All around me was a weird plain. It was blazing with a glare of light, pitted with
thousands of craters, ringed with mountains higher than any I had ever seen. The Sun
was burning down out of a blue sky dark as midnight, and full of stars. There was
another body in the heavens, huge and greenish.
“A fantastic black machine was gliding down over those terrible mountains. It was
larger than you’d think a flying machine could be, and utterly strange. It had just hit
me with some weapon, and I was reeling back under the agony of the wound. Beside
me was a great explosion of red gas. The cloud of it poured over me, and burned my
lungs, and blotted out everything.
“It was some time before I realized that I had been on the Moon —or rather that I had
picked up the last thoughts of a man dying there. I had never had time for astronomy,
but one day I happened to see a photograph of the lunar craters—and recognized
them, and knew that the greenish crescent had been the Earth itself.
“And the shock of that discovery only increased my bewilderment. It was nearly a
year before I understood that I was developing an ability to recall the future. But that
first incident happened in the thirtieth century, in the conquest of the Moon by the
Medusae—the man whose last moments I shared was one of the human colonists they
murdered.
“The faculty improved with practise, like any other. It’s simply telepathy, I’m
convinced, carrying thought across Time and not merely through Space. Just
remember that neither Space nor Time is real; they are both just aspects of one reality.
“At first I got contact only with minds under great stress, like that of the dying
colonist. Even yet, there are difficulties—or I shouldn’t have asked you to examine
me this morning, Doctor. But I’ve managed to follow human history, pretty well,
through the next thousand years. That’s what I’ve been writing.
“The history of the future!
“The conquest of space is what thrills me most. Partly because it’s the most difficult
achievement of human engineering, the most daring and the most dangerous. And
partly, I suppose, because my own descendants played a big part in it.”
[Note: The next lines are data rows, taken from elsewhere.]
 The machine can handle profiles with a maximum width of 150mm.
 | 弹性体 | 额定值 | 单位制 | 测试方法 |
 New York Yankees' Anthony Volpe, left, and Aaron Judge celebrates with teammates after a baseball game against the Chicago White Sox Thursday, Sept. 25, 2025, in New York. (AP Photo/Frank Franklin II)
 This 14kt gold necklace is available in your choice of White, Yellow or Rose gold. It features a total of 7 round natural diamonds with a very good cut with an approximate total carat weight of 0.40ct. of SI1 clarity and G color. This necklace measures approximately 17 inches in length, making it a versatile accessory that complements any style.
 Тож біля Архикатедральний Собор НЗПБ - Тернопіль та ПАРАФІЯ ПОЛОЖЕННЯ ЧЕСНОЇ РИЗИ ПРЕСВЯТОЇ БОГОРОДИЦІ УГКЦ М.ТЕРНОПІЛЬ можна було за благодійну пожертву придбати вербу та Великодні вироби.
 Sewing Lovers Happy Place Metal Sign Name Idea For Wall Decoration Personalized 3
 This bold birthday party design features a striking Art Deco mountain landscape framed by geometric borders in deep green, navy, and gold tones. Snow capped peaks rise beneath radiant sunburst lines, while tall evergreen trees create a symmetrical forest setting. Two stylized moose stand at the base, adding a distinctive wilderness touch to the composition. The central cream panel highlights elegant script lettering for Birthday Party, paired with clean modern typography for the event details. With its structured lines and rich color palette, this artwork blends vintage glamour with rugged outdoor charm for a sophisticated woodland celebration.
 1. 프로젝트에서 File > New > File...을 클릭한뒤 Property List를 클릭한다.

An eager ring of enthusiasm had risen in his voice, and now he paused awkwardly, as
if suddenly self-conscious because of it. His sharp blue eyes searched my face. I kept
silent until he went on, sure that the least show of doubt would stop him.
“Yes, Doctor, I’ve a son.” His thin brown face showed a wistful pride. “I don’t see
much of him, because he’s a very busy young man. I failed to make a soldier out of
him, and I used to think he’d never amount to much. I tried to get him to join up, long
before Pearl Harbor, but he wouldn’t hear of it.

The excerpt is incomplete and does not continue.